The goal at Core Aesthetics is to reduce the specific movement pattern driving the lines, not to eliminate expression in the glabellar area altogether. A conservative approach preserves the ability to show concentration or emotion naturally, while reducing the depth and frequency of the crease-forming contraction. Treatment is assessed individually; the amount of effect varies based on placement, dose, and the individual’s response. At the two-week review, any adjustment to preserve or modify the expression range is discussed.
At what age should I start considering treatment for the 11s?
There is no universally correct age. The relevant clinical question is the stage the lines are at, dynamic, early static, or established static, rather than the patient’s chronological age.
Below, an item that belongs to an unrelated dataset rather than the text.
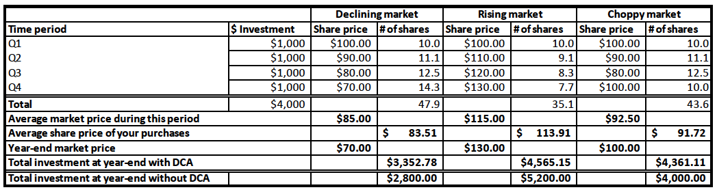 But there’s one simple method you can use to help overcome biases: dollar-cost averaging (DCA).

Some people in their late twenties have progressed to early static 11s due to strong muscle activity or significant sun exposure; others in their forties still have predominantly dynamic lines. A consultation at Core Aesthetics is the appropriate way to assess which stage you are at and whether treatment is warranted, premature, or not needed at this time.
Does the procerus need to be treated separately from the corrugators?
Yes, in most cases. The procerus and corrugator supercilii have distinct positions, directions of pull, and movement patterns. Treating only the corrugators, for example, may soften the vertical crease but leave the horizontal procerus component unaddressed, or shift the balance of brow forces in an unintended way. Assessment maps the activity of both muscle groups individually, and the treatment approach addresses the glabellar complex as a whole rather than targeting a single muscle in isolation.
Can I come in for treatment without a prior consultation?
No. Under AHPRA’s September 2025 guidelines, registered practitioners must not administer a new prescription cosmetic treatment at the same appointment where it is first proposed. Core Aesthetics has always operated on a consultation-first model: every new patient attends a thorough assessment appointment before any treatment is recommended or scheduled. This structure supports better clinical decision-making and allows time for informed consent. Returning patients who are continuing an established treatment plan are assessed individually.